= AVAILABLE DATA =
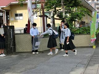 毎月1回実施している生徒会行事「クリーンウォークディ」です。朝の登校時間の通学路のゴミ拾い活動です。
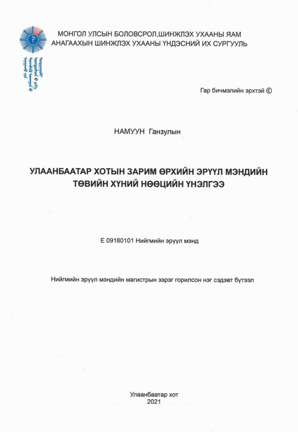 Улаанбаатар хотын зарим өрхийн эрүүл мэндийн төвийн хүний нөөцийн үнэлгээ: НЭМ-ийн магистрын зэрэг горилсон нэг сэдэвт бүтээл: Е09180101-Нийгмийн эрүүл мэнд /Э/ш-ний удирд. Төрийн бодлогын д-р Л.Хоролсүрэн; Э/ш-ний зөвл. АУ-ны д-р, проф. Д.Даваалхам; Э/ш-ний шүүмж. АУ-ны д-р, дэд проф. Б.Цэнгэлмаа.
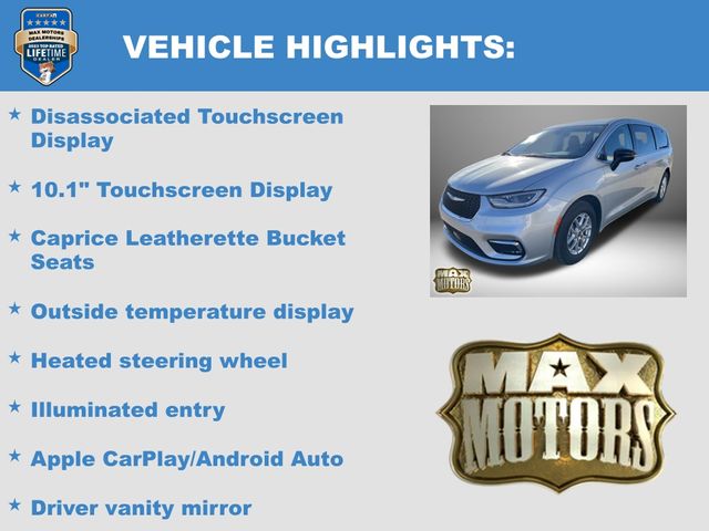 10.1" Touchscreen Display, 3rd row seats: split-bench, 6 Speakers, Apple CarPlay/Android Auto, Black Seats, Bumpers: body-color, Caprice Leatherette Bucket Seats, Disassociated Touchscreen Display, Driver door bin, Driver vanity mirror, Driver's Seat Mounted Armrest, Front Bucket Seats, Front fog lights, Front reading lights, Google Android Auto, Heated door mirrors, Heated front seats, Heated steering wheel, Illuminated entry, Integrated Active Noise Cancellation, Memory seat, Outside temperature display, Overhead console, ParkView Rear Back-Up Camera, Power door mirrors, Power driver seat, Power Liftgate, Quick Order Package 27L, Radio: Uconnect 5 w/10.1" Display, Reclining 3rd row seat, Remote keyless entry, Split folding rear seat, Steering wheel mounted audio controls, Touring Suspension.
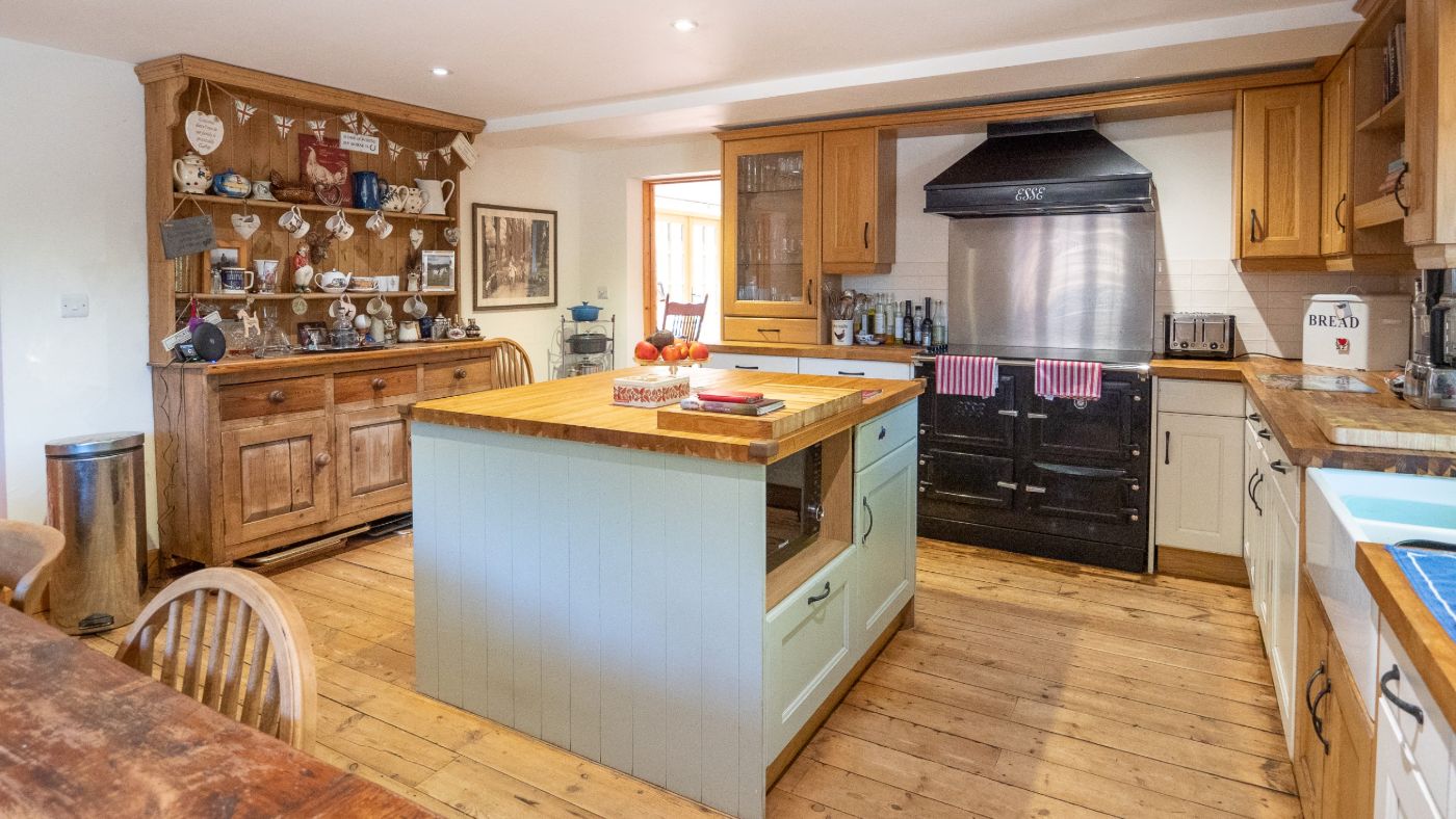 A covered porch leads to a reception hall with a door, which leads through to a south-facing sheltered terrace. Off the hall, you’ll find the kitchen/breakfast room with twin glazed sinks, a range cooker and a central island. This room leads to the triple-aspect living room, which has a brick fireplace with a wood burner.

= EXERCISE REQUIREMENTS =
Exact transcription of the full listing above is required; images do not belong in it.

= RESPONSE BOX =
 毎月1回実施している生徒会行事「クリーンウォークディ」です。朝の登校時間の通学路のゴミ拾い活動です。
 Улаанбаатар хотын зарим өрхийн эрүүл мэндийн төвийн хүний нөөцийн үнэлгээ: НЭМ-ийн магистрын зэрэг горилсон нэг сэдэвт бүтээл: Е09180101-Нийгмийн эрүүл мэнд /Э/ш-ний удирд. Төрийн бодлогын д-р Л.Хоролсүрэн; Э/ш-ний зөвл. АУ-ны д-р, проф. Д.Даваалхам; Э/ш-ний шүүмж. АУ-ны д-р, дэд проф. Б.Цэнгэлмаа.
 10.1" Touchscreen Display, 3rd row seats: split-bench, 6 Speakers, Apple CarPlay/Android Auto, Black Seats, Bumpers: body-color, Caprice Leatherette Bucket Seats, Disassociated Touchscreen Display, Driver door bin, Driver vanity mirror, Driver's Seat Mounted Armrest, Front Bucket Seats, Front fog lights, Front reading lights, Google Android Auto, Heated door mirrors, Heated front seats, Heated steering wheel, Illuminated entry, Integrated Active Noise Cancellation, Memory seat, Outside temperature display, Overhead console, ParkView Rear Back-Up Camera, Power door mirrors, Power driver seat, Power Liftgate, Quick Order Package 27L, Radio: Uconnect 5 w/10.1" Display, Reclining 3rd row seat, Remote keyless entry, Split folding rear seat, Steering wheel mounted audio controls, Touring Suspension.
 A covered porch leads to a reception hall with a door, which leads through to a south-facing sheltered terrace. Off the hall, you’ll find the kitchen/breakfast room with twin glazed sinks, a range cooker and a central island. This room leads to the triple-aspect living room, which has a brick fireplace with a wood burner.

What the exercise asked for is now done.